DATA PROVIDED —
☆ ☆ ☆ ☆ ☆
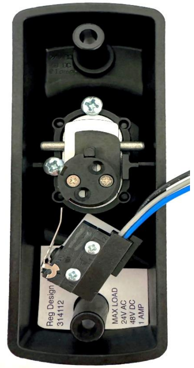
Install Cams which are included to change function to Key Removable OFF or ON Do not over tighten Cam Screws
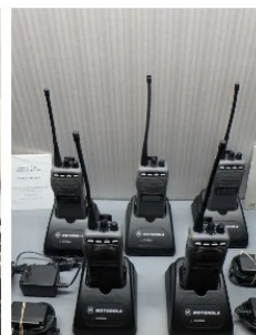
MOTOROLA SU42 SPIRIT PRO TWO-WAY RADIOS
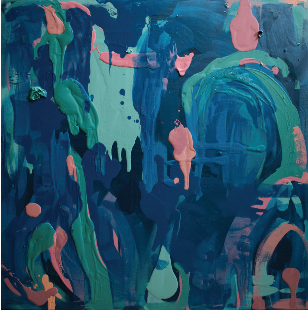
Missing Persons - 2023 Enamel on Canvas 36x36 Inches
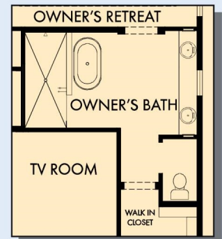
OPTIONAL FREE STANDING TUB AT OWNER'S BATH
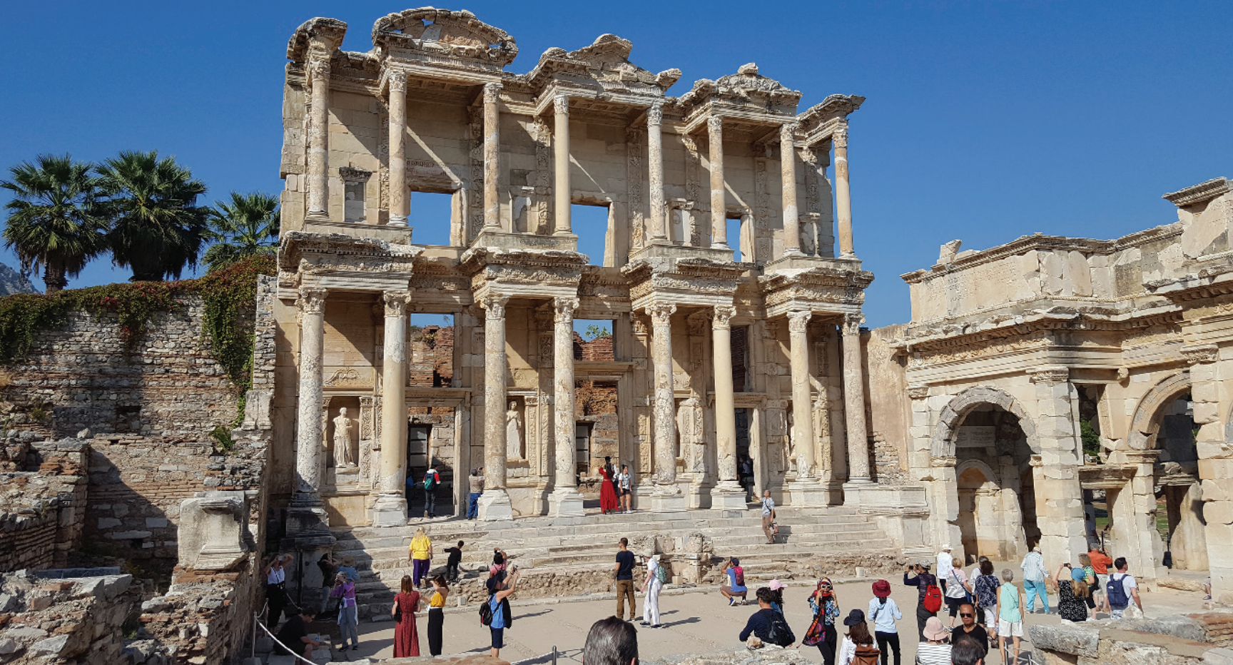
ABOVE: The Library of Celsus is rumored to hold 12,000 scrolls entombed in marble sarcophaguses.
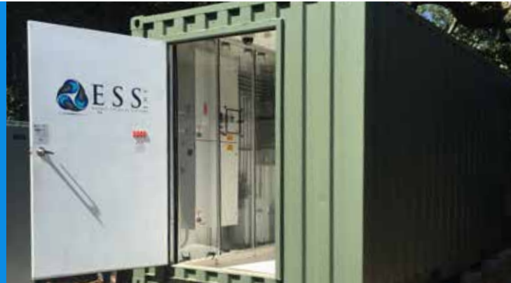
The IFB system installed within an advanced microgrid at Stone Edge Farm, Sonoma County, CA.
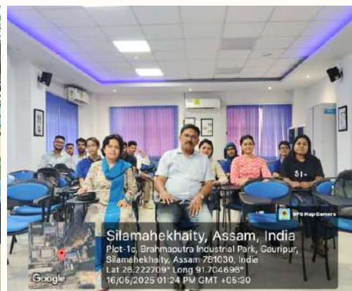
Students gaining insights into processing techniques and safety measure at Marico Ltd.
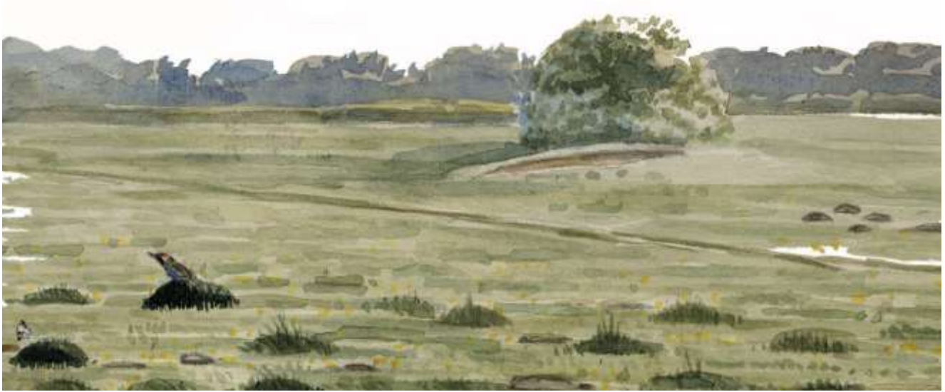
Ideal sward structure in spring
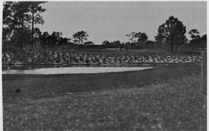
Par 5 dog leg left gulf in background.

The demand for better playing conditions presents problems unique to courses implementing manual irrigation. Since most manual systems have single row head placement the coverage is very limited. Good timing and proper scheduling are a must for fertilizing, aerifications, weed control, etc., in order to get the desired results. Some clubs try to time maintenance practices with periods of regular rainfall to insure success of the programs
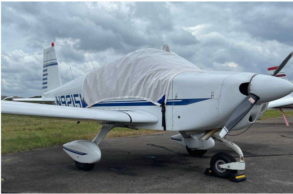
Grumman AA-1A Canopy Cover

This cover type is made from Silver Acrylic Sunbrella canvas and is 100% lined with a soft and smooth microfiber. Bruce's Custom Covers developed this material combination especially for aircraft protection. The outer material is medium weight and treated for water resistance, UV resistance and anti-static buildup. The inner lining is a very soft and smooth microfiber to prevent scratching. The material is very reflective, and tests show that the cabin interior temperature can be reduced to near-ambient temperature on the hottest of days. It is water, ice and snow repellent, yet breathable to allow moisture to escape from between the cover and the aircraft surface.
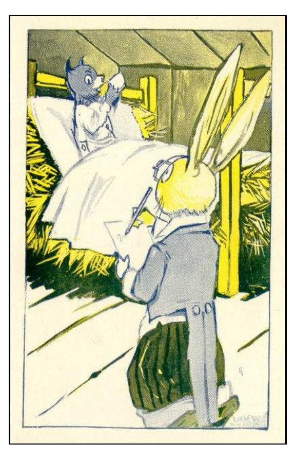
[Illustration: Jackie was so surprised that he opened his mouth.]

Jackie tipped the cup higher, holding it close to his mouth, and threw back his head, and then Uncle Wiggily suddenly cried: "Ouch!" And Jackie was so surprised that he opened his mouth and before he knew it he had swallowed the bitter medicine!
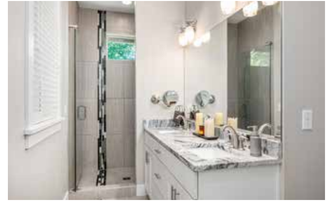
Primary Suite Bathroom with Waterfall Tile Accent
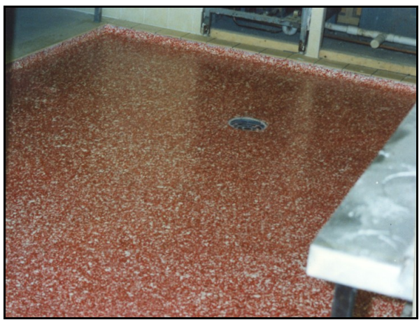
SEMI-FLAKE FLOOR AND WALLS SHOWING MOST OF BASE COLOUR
☆ ☆ ☆ ☆ ☆
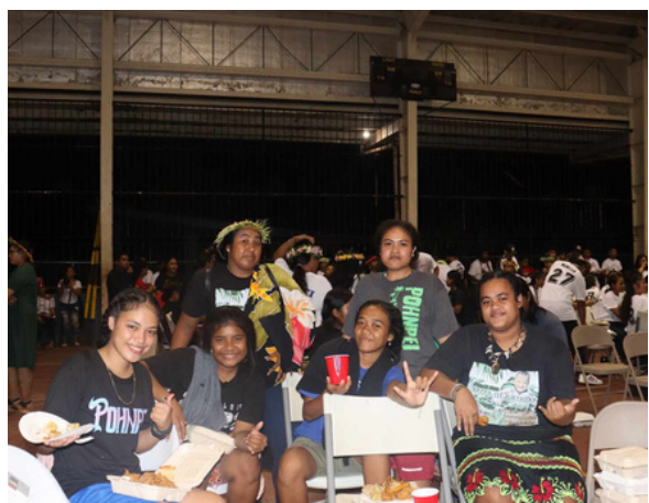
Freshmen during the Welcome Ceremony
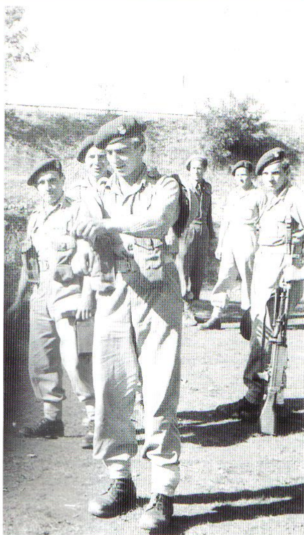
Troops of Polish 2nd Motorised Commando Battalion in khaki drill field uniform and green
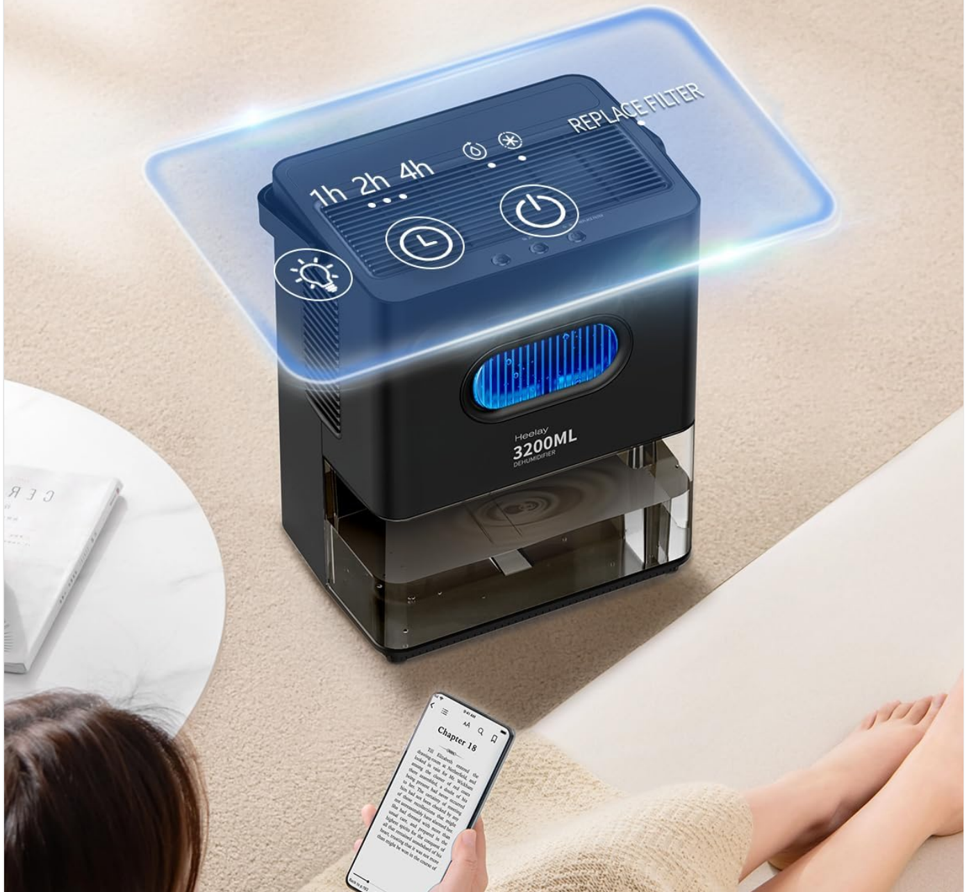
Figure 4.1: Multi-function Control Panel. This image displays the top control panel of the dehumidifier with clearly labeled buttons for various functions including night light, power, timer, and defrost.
☆ ☆ ☆ ☆ ☆
WHAT IS REQUIRED —
Please repeat, exactly as written, the lines in the records above, starting with the one that has "Primary Suite Bathroom" and going on through the one that has "SEMI-FLAKE FLOOR AND". Pictures are to be left out.

SOLVED EXERCISE —
Primary Suite Bathroom with Waterfall Tile Accent
SEMI-FLAKE FLOOR AND WALLS SHOWING MOST OF BASE COLOUR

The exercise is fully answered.